Mark a URL as seen and return normalized form.

PARAMETER DESCRIPTION
url

The URL to mark.

TYPE: str

RETURNS DESCRIPTION
str

The normalized URL.

Source code in src/ragcrawl/filters/link_filter.py
Python
def mark_seen(self, url: str) -> str:
    """
    Mark a URL as seen and return normalized form.

    Args:
        url: The URL to mark.

    Returns:
        The normalized URL.
    """
    normalized = self.normalizer.normalize(url)
    self._seen_urls.add(normalized)
    return normalized

is_seen

Python
is_seen(url: str) -> bool

Check if URL has been seen.

PARAMETER DESCRIPTION
url

The URL to check.

TYPE: str

RETURNS DESCRIPTION
bool

True if URL has been seen.

Source code in src/ragcrawl/filters/link_filter.py
Python
def is_seen(self, url: str) -> bool:
    """
    Check if URL has been seen.

    Args:
        url: The URL to check.

    Returns:
        True if URL has been seen.
    """
    normalized = self.normalizer.normalize(url)
    return normalized in self._seen_urls

clear_seen

Python
clear_seen() -> None

Clear the set of seen URLs.

Source code in src/ragcrawl/filters/link_filter.py
Python
def clear_seen(self) -> None:
    """Clear the set of seen URLs."""
    self._seen_urls.clear()

PatternMatcher

Python
PatternMatcher(
    include_patterns: list[str] | None = None,
    exclude_patterns: list[str] | None = None,
    case_sensitive: bool = False,
)

Matches URLs against include/exclude patterns.

Supports both regex and glob patterns.

Initialize the pattern matcher.

PARAMETER DESCRIPTION
include_patterns

Patterns for URLs to include (regex or glob).

TYPE: list[str] | None DEFAULT: None

exclude_patterns

Patterns for URLs to exclude (regex or glob).

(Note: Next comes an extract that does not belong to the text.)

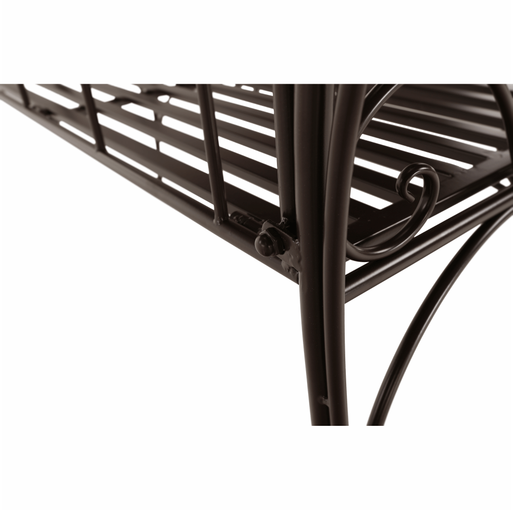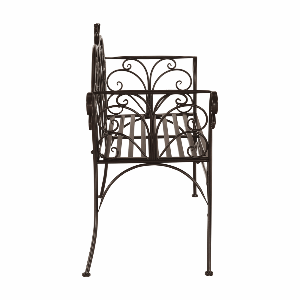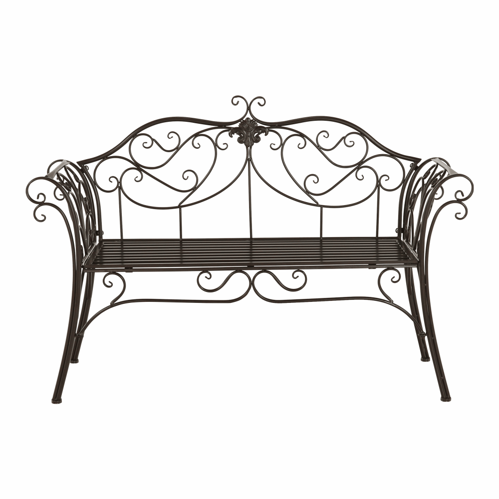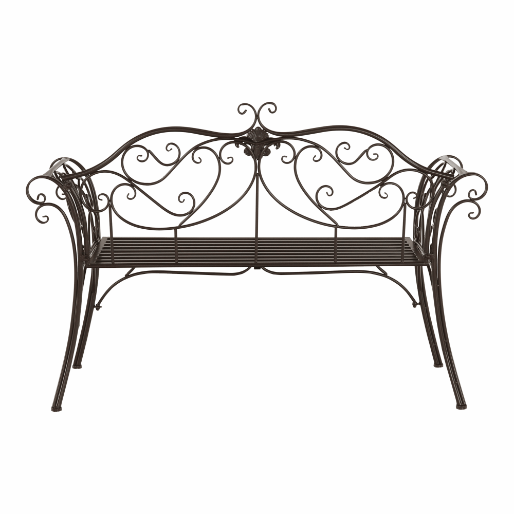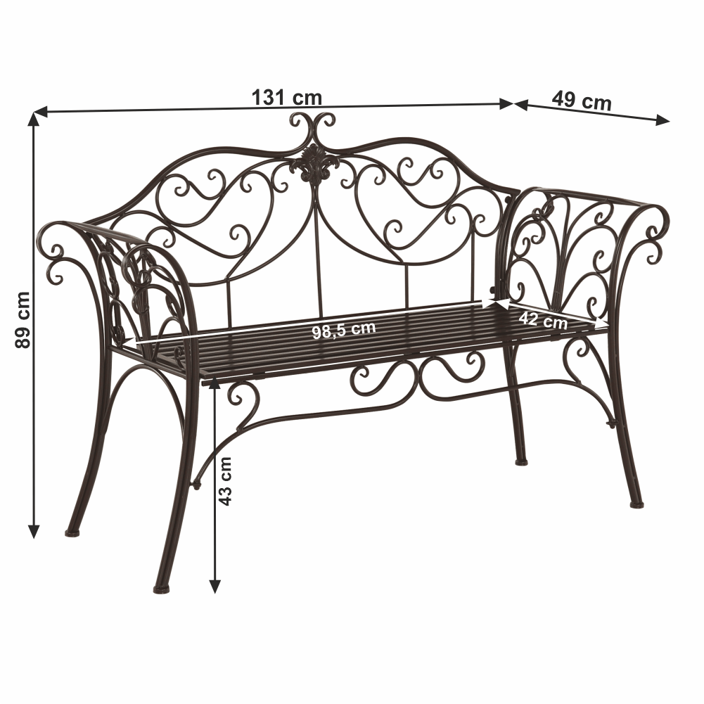 Materiál: kovFarba: hnedáRozmery (ŠxHxV): 131x49x89 cmVýška sedu: 43 cmHĺbka sedu: 42 cmŠírka sedu: 98,5 cmNosnosť: 150 kgDodávané bez vankúšovRomantický vzhľadS ozdobnými prvkamiDodávané v demonte

TYPE: list[str] | None DEFAULT: None

case_sensitive

Whether pattern matching is case-sensitive.

TYPE: bool DEFAULT: False

Source code in src/ragcrawl/filters/patterns.py
Python
def __init__(
    self,
    include_patterns: list[str] | None = None,
    exclude_patterns: list[str] | None = None,
    case_sensitive: bool = False,
) -> None:
    """
    Initialize the pattern matcher.

    Args:
        include_patterns: Patterns for URLs to include (regex or glob).
        exclude_patterns: Patterns for URLs to exclude (regex or glob).
        case_sensitive: Whether pattern matching is case-sensitive.
    """
    self.case_sensitive = case_sensitive
    self._include_patterns = self._compile_patterns(include_patterns or [])
    self._exclude_patterns = self._compile_patterns(exclude_patterns or [])

matches_include

Python
matches_include(url: str) -> bool

Check if URL matches any include pattern.

PARAMETER DESCRIPTION
url

The URL to check.

TYPE: str

RETURNS DESCRIPTION
bool

True if URL matches an include pattern or no include patterns defined.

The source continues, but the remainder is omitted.